About this task: The answer is to be an exact copy of the lines below running from the line with "Découvrez le charme" down to the line with "Giám đốc Sở", both ends included, and nothing more.

Raw data:
-- Opening Marker --
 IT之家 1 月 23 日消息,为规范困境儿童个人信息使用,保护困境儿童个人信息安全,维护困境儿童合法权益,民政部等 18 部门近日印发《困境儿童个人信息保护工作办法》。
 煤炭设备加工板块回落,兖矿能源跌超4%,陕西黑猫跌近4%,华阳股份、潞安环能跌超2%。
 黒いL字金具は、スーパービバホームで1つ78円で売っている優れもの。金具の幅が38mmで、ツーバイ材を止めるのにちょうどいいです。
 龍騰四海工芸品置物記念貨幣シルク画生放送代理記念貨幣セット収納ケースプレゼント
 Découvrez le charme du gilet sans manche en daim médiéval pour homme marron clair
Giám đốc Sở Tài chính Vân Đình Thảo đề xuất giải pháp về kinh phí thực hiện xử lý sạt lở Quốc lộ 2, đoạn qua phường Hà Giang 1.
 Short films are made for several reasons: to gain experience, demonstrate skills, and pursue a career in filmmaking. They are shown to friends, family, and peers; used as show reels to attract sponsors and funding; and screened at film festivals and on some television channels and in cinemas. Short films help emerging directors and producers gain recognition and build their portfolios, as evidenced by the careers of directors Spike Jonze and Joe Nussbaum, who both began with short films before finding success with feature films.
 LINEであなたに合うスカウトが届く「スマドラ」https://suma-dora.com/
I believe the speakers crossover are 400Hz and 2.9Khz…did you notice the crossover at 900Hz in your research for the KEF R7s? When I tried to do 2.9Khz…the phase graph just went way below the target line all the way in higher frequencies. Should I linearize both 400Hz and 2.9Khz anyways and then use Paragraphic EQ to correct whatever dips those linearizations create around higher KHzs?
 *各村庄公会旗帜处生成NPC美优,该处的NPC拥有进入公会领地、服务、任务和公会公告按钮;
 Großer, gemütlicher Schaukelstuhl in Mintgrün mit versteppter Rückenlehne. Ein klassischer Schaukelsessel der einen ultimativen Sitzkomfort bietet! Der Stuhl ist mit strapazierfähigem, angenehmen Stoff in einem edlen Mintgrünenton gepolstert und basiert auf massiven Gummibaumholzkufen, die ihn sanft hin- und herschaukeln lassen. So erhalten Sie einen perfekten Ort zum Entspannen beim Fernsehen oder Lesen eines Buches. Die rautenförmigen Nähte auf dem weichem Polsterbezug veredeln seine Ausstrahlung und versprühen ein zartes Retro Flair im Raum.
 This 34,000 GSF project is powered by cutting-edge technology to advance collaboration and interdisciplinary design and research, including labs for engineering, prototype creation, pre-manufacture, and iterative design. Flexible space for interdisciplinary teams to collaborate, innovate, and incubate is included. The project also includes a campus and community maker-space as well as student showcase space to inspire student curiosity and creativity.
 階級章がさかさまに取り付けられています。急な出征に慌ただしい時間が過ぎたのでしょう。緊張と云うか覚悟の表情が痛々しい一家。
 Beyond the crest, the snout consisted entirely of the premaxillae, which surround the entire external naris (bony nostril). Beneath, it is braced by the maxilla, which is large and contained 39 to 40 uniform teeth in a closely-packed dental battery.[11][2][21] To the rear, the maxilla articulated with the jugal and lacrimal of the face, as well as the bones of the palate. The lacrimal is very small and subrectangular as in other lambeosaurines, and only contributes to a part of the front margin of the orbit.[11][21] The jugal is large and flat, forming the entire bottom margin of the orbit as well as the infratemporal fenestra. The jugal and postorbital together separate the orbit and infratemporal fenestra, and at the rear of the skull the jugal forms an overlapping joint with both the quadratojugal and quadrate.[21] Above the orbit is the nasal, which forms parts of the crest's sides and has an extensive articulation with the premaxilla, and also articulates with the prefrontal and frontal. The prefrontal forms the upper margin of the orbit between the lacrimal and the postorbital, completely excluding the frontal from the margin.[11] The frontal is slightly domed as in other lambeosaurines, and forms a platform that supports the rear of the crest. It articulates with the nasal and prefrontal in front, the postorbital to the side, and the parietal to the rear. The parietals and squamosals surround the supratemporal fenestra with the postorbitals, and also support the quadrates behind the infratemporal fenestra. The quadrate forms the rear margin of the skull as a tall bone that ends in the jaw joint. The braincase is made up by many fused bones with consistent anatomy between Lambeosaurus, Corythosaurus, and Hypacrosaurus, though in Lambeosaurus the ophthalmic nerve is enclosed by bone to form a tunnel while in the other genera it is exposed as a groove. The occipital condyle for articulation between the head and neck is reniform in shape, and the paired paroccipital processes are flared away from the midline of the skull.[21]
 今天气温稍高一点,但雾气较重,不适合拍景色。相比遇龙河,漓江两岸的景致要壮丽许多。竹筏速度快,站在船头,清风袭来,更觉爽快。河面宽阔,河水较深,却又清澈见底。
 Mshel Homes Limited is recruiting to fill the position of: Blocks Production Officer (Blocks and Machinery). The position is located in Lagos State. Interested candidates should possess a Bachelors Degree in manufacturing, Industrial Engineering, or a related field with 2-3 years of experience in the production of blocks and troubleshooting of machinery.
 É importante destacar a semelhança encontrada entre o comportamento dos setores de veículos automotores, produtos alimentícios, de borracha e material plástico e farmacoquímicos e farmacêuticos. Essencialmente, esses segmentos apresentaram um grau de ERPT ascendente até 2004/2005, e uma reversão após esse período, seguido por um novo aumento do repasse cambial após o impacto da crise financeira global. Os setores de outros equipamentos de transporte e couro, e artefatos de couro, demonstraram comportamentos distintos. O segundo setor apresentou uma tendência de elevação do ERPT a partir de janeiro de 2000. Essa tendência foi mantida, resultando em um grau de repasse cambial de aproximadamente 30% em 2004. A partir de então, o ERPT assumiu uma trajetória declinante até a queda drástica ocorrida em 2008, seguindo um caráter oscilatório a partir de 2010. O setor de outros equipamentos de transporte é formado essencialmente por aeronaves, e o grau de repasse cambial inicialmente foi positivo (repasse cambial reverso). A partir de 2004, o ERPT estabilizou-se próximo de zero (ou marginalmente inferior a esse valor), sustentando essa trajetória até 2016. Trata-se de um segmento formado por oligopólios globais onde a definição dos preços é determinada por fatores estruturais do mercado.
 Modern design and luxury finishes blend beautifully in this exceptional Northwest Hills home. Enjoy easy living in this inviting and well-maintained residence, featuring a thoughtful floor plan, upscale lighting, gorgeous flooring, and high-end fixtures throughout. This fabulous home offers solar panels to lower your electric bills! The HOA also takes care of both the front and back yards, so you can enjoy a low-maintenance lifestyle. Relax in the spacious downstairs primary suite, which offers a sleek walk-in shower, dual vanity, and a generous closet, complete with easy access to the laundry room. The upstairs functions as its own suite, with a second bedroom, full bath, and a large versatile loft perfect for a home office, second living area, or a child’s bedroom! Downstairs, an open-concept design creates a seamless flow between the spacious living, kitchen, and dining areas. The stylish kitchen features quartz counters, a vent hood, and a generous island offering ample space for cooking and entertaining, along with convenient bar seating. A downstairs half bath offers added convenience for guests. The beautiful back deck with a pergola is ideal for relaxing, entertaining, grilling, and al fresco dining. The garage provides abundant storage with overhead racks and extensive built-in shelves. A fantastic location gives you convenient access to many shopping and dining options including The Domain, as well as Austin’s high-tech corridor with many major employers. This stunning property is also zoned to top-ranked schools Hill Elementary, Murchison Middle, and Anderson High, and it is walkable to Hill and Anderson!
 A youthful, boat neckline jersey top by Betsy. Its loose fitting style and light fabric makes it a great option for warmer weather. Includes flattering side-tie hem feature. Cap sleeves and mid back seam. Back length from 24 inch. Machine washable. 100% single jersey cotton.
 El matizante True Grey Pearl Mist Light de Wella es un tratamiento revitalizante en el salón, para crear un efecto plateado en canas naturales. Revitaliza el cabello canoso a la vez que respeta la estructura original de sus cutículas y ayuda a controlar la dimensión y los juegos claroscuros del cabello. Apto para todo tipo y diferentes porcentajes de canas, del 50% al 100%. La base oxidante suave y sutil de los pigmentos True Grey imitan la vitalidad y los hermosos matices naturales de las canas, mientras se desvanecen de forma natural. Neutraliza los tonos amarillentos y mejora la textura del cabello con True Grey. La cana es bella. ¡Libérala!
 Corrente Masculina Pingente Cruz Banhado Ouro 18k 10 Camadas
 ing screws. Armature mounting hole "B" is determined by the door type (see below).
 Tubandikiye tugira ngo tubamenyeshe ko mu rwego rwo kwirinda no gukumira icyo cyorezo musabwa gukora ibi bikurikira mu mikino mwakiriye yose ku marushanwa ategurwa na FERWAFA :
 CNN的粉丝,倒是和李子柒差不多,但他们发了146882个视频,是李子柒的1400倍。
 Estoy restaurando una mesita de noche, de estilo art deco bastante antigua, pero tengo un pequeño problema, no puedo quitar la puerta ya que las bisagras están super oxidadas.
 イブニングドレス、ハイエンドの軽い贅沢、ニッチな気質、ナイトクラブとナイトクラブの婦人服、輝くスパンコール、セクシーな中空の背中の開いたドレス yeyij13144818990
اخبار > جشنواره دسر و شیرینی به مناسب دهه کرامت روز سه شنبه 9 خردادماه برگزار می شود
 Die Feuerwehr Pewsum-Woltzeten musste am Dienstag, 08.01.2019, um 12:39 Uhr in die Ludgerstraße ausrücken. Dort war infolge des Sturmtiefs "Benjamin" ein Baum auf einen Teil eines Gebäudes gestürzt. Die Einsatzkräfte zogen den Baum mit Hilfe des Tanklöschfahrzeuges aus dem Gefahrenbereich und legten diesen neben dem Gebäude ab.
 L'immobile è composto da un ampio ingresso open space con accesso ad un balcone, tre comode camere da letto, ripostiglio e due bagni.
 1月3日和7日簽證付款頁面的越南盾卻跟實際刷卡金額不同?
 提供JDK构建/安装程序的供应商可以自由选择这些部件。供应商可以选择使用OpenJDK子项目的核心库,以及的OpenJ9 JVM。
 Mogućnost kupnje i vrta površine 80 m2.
-- Closing Marker --
Answer to the problem:
 Découvrez le charme du gilet sans manche en daim médiéval pour homme marron clair
Giám đốc Sở Tài chính Vân Đình Thảo đề xuất giải pháp về kinh phí thực hiện xử lý sạt lở Quốc lộ 2, đoạn qua phường Hà Giang 1.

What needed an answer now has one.